I recently received an offer to extend a Lease in Weld County, CO. The Bonus is very low and they want a 5 yr lease with possible 3 year extension. Has anyone else heard of this long of a lease and does anyone have a Bonus Offer they can share? Thanks for any insight/help you can give me.
In the new oil business, Weld county is becoming more of a mining based operation. High capital costs, long lived reserves, cost efficient operations. The risk of finding oil is near zero due to fracking and horizontal drilling technology. As a mineral owner you must adapt your expectations to the new oil production economy and demand lease terms that reflect the long term geologic potential of your property. Owners should know what the quantity and quality of proven, possible, and probable resources (inventories ) are for their land in order to strike fair deals.
Gary L Hutchinson
We are in 7N60W S14 and 15 and had a low offer that we let lapse. I'm curious what your offer was. I'll send a friend request.
Only $100 per NMA and 3/16 Royalty. N B Mitchel
We are in 7N60W S14 and 15. 480 net acres for whole family, though I've only got a fraction of that. We had an offer from Caerus for 3+3, 18.75% royalty, $125 per net mineral acre, for the initial three years, and $150 per net mineral acre extension. I understand that rates have been much higher to the SW of us. We let the offer go. Still waiting.
I own a small fractionalized MI. However, it has leased in the recent past for 3/16 and 3 yr 2yr extension with.a $340 bonus per NMA. Prior to that, it leased for 3/16 and a $225 bonus per NMA.
One potential source of some information is from forced pooling notices in nearby Townships. You can find this information on the Colorado Oil and Gas Commission website - Township & Range.

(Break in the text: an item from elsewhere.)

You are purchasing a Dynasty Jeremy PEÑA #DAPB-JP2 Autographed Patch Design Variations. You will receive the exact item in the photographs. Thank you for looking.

Another source of current rates is the Lierle Price Report (although you must take it with a grain of salt since offers vary by exact location) showed lease terms between 1.5 - 5 years and average lease bonus of $300/NMA (NW Weld was lower at $20/NMA but I'm not sure I'd put stock in that number).
Here's a checklist you can use that has some other things to consider. As with any business transaction, be sure to cover your bases and get help if you aren't comfortable negotiating the deal. Also, don't be pressured by tactics that threaten that the offer is only good for a limited time.
Thanks so much. So hard to get info on current leasing, other than it’s low.
Matt: Good info in the PDF. Thanks. With just a a quick look, I already have a question: We have 2 non-contiguous tracts. The last landman I was in touch with insisted the Pugh clause negated the need for 2 separate leases. What advantage is two leases if we have a Pugh clause?
First, let me say that I am and Engineer not a Landman so this is not my area of expertise. That said, from what I've read, I would tend to agree with the landman you spoke with. In terms of having two leases, if you can shop around and get a better offer for the tract in a better area (higher bonus, higher royalty, shorter term, etc.), then it might be worthwhile to lease the parcels separately.
At the end of the day, it sounds like you have your bases covered in terms of ensuring that the production from a pooled unit in the first tract won't hold the portion of the lease covering the second tract. Be sure to consult a professional to review the specific language in the lease because not all Pugh clauses are created equal.
I'd be interested in what some of the land experts have to say. Anyone?
Two leases act as a natural firewall against the possibility of inadequate language in a single lease. There is also always the possibility that how language is construed can change. Having 2 leases should add minimal cost to the deal.